Pleas for disabled British man facing execution in China

By staff writers
December 27, 2009

Relatives of a British man facing execution for drug smuggling in China have arrived in the country to make last-minute appeals to authorities for mercy, with his execution due on 29 December 2009.

Akmal Shaikh, aged 53, from London, faces the death penalty after he was convicted of smuggling heroin. But he suffers from bipolar disorder and those close to him say they are sure that he was tricked into carrying the drugs.

His daughter made a recent appeal for clemency on BBC Radio 4 and his cousins, Soohail and Nasir Shaikh, now plan to deliver a plea on his behalf to President Hu Jintao.

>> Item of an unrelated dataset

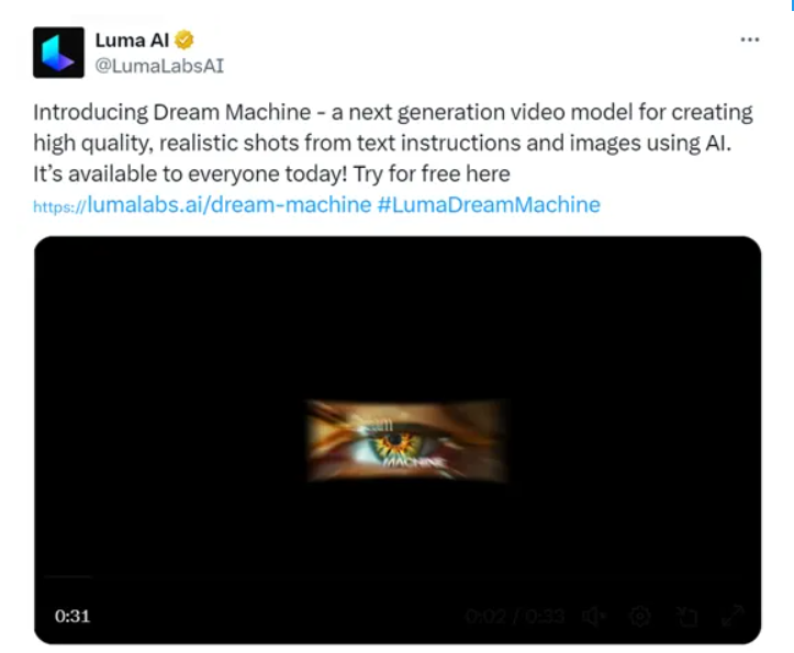 6月13日,科技界再次迎来一场创新风暴。知名3D建模平台Luma AI正式发布其最新研发的文生视频模型Dream Machine,并宣布对所有用户免费开放使用。这一革命性的产品不仅支持文本输入,还能以图片为引导生成高质量视频,其炸裂程度堪与OpenAI的Sora模型相媲美。
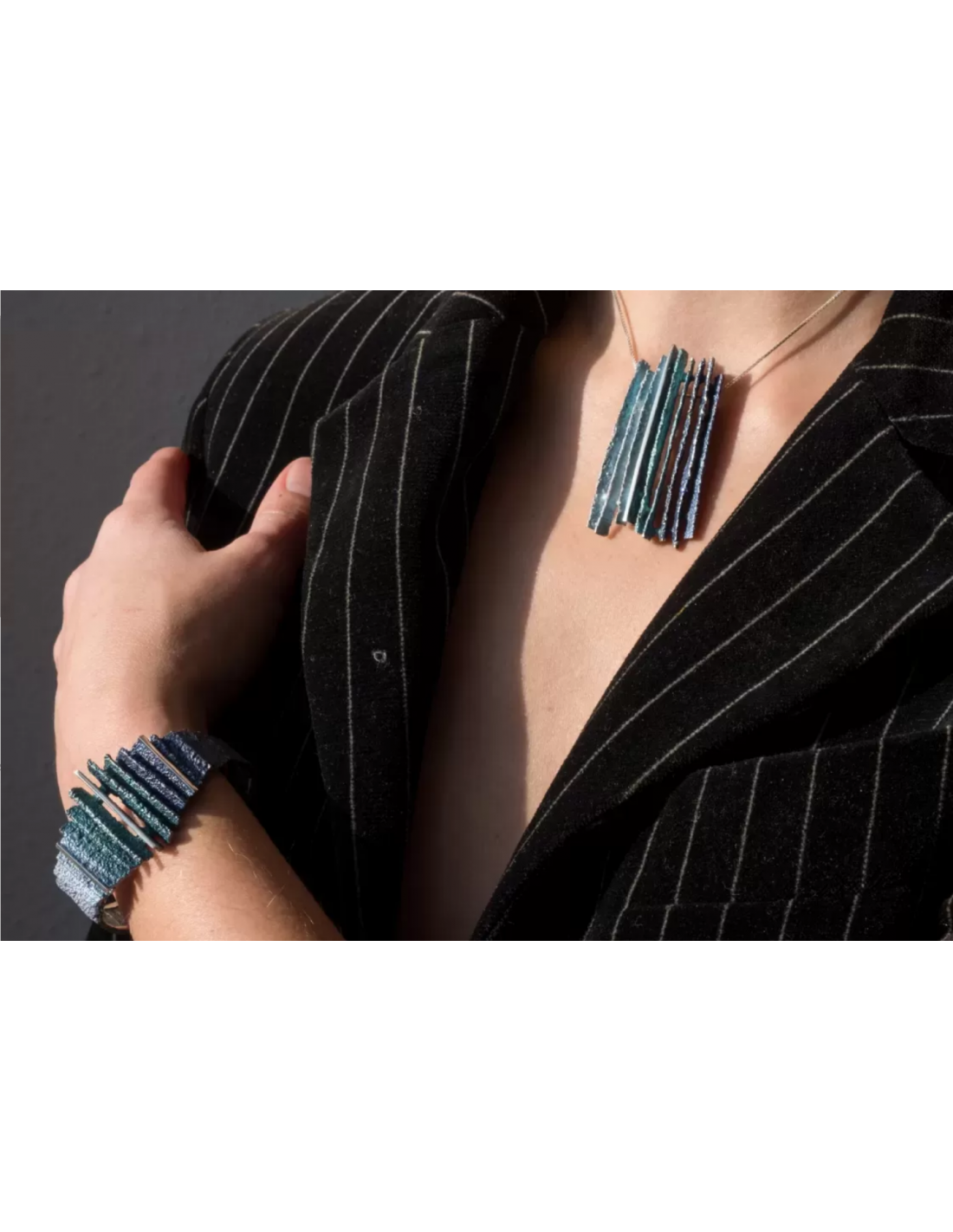 Colgante de la colección Junc Pigments realizado en plata de lei 925 en colores de esmalte azul Formentera.

Mr Shaikh's supporters are highlighting his mental disability and the UK Prime Minister, Gordon Brown, has asked the Chinese authorities to show mercy.

The BBC reports that British consular staff have also flown to the Chinese region of Xinjiang to see the condemned Briton and discuss his case with local officials.

The legal charity Reprieve, which has taken up the case, said Mr Shaikh's cousins left the UK on Saturday 26 December. They will deliver petitions seeking a legal review to China's Supreme People's Court and to the local court in the north-western city of Urumqi where Mr Shaikh was arrested in September 2007.

Reprieve said the men, who are brothers, also planned to appeal to China's president and to the Standing Committee of the National People's Congress, which is responsible for considering petitions for pardon or clemency.

China executed 1,718 people in 2008, according to Amnesty International. Last year 72 per cent of the world's total executions took place in the country. Capital punishment is even applied in non-violent cases such as embezzlement and fraud.